▸ **DATASET ENTRIES**
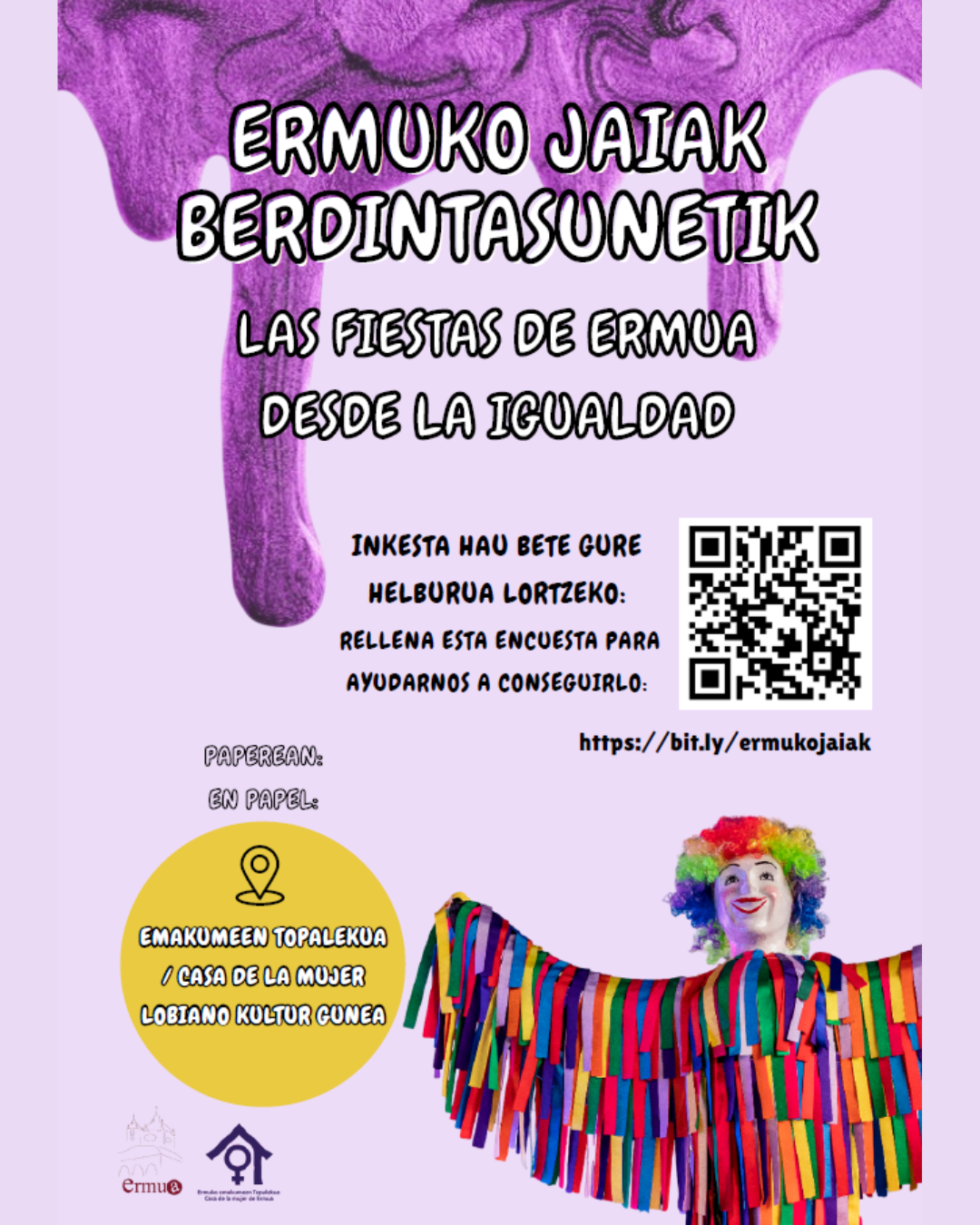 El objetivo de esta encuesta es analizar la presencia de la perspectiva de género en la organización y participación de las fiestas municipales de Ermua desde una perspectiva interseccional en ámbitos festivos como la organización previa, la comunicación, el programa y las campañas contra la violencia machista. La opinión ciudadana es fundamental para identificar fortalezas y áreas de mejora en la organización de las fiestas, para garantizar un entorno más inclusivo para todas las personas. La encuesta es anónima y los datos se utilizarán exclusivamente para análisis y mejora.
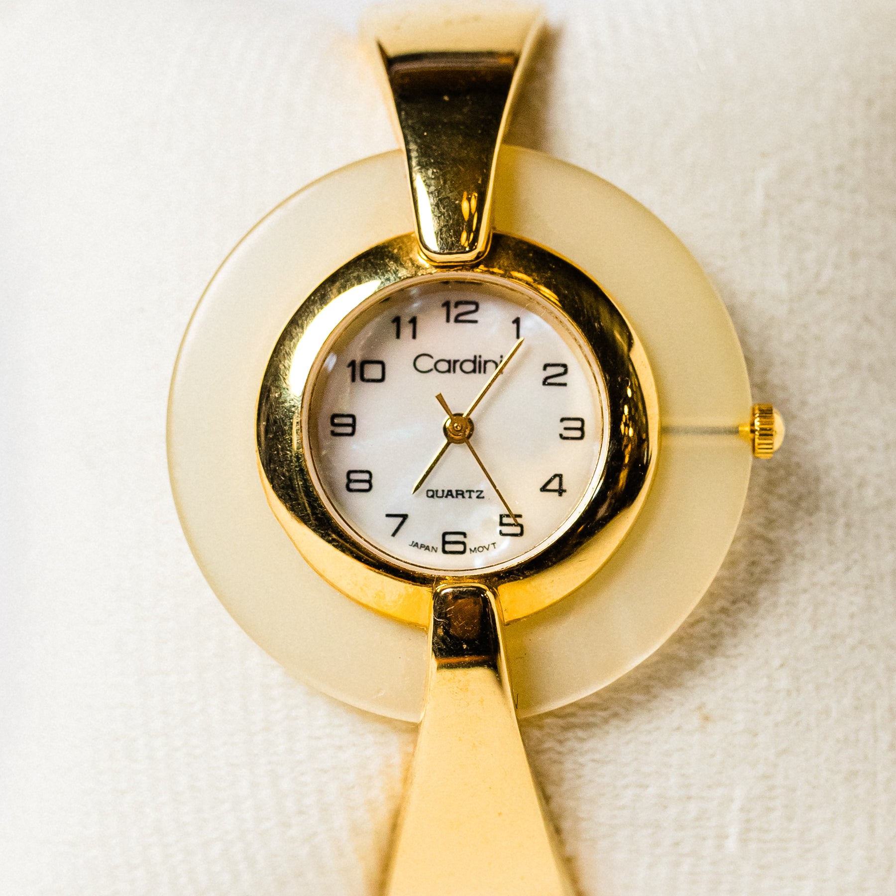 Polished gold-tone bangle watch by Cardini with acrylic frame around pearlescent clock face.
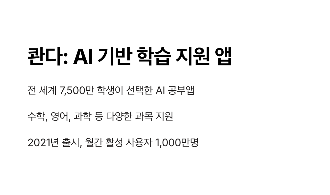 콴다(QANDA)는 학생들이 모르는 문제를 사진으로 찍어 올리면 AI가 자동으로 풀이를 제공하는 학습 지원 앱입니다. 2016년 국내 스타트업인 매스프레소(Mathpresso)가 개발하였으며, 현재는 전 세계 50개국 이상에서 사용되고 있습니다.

==

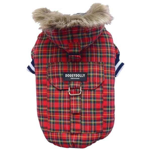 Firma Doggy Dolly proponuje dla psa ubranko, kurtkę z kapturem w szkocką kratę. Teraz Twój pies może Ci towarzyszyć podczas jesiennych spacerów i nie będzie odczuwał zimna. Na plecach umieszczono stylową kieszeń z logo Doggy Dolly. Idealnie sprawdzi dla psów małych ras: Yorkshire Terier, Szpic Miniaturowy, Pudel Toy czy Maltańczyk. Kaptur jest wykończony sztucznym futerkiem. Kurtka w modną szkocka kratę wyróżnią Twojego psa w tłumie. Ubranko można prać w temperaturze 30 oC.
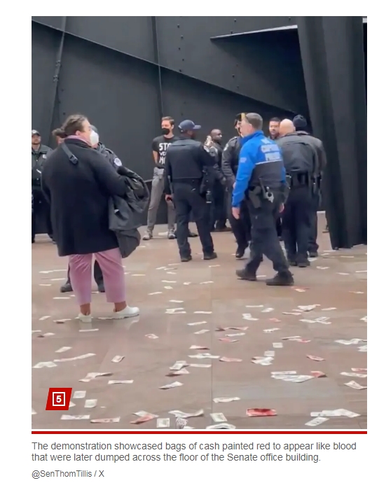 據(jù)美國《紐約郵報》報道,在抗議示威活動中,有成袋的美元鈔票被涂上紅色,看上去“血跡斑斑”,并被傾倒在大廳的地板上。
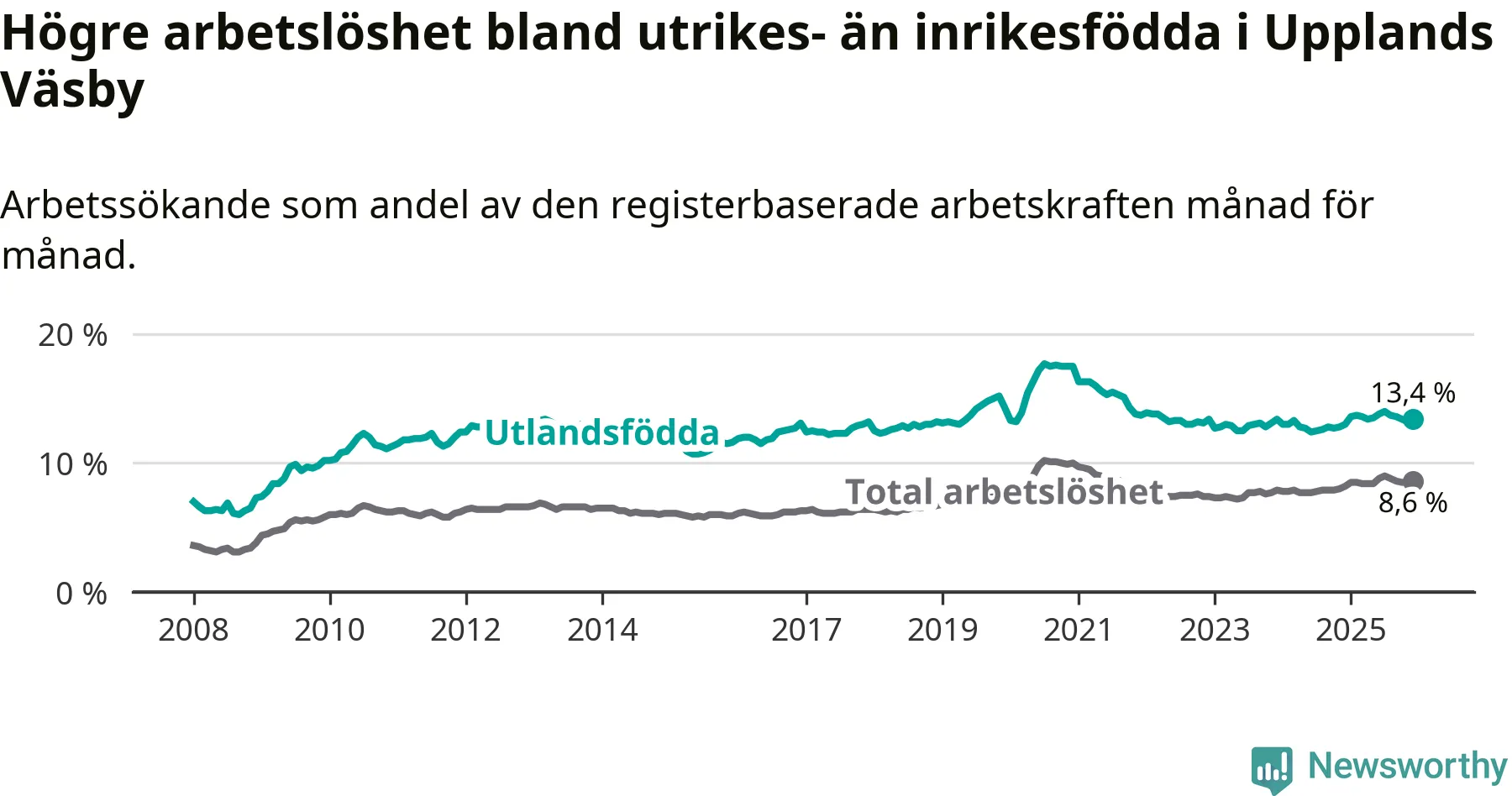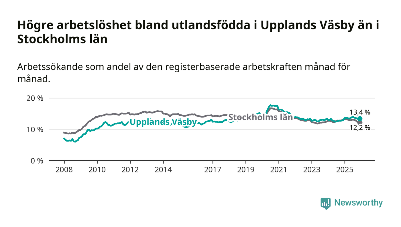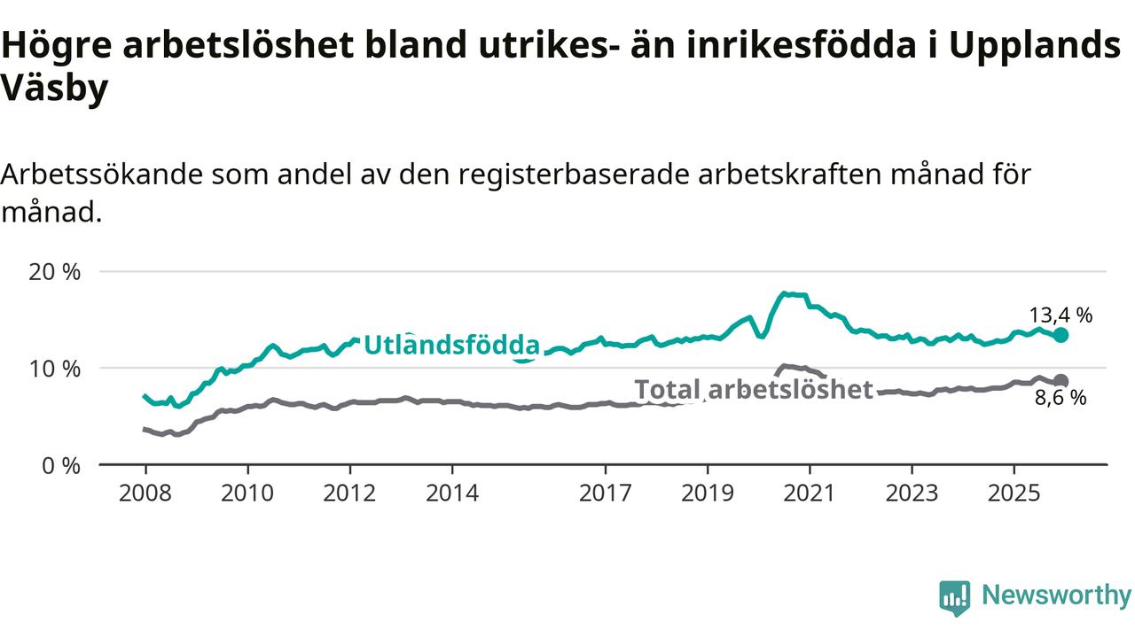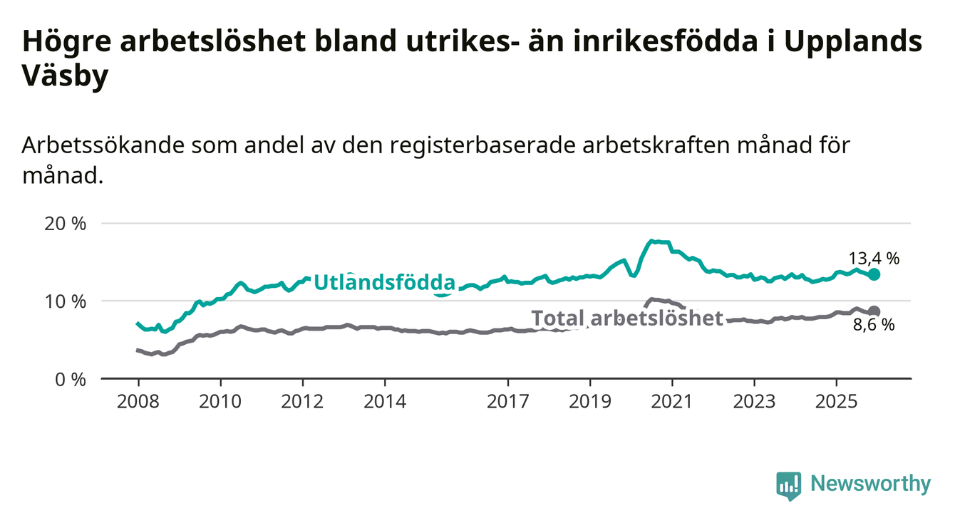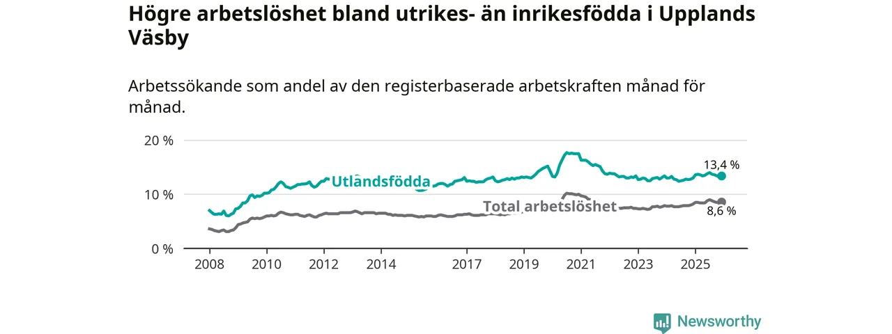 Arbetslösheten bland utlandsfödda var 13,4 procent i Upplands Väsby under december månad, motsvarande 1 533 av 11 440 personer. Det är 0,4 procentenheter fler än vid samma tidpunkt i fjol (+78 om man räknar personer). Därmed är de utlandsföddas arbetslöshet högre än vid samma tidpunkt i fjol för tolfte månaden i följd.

▸ **WHAT IS NEEDED**
Pictures aside, return exactly the lines from the data above, starting at the line that has "Firma Doggy Dolly" and ending at the line that has "Arbetslösheten bland utlandsfödda", both included.

▸ **RESULT OF THIS TASK**
 Firma Doggy Dolly proponuje dla psa ubranko, kurtkę z kapturem w szkocką kratę. Teraz Twój pies może Ci towarzyszyć podczas jesiennych spacerów i nie będzie odczuwał zimna. Na plecach umieszczono stylową kieszeń z logo Doggy Dolly. Idealnie sprawdzi dla psów małych ras: Yorkshire Terier, Szpic Miniaturowy, Pudel Toy czy Maltańczyk. Kaptur jest wykończony sztucznym futerkiem. Kurtka w modną szkocka kratę wyróżnią Twojego psa w tłumie. Ubranko można prać w temperaturze 30 oC.
 據(jù)美國《紐約郵報》報道,在抗議示威活動中,有成袋的美元鈔票被涂上紅色,看上去“血跡斑斑”,并被傾倒在大廳的地板上。
 Arbetslösheten bland utlandsfödda var 13,4 procent i Upplands Väsby under december månad, motsvarande 1 533 av 11 440 personer. Det är 0,4 procentenheter fler än vid samma tidpunkt i fjol (+78 om man räknar personer). Därmed är de utlandsföddas arbetslöshet högre än vid samma tidpunkt i fjol för tolfte månaden i följd.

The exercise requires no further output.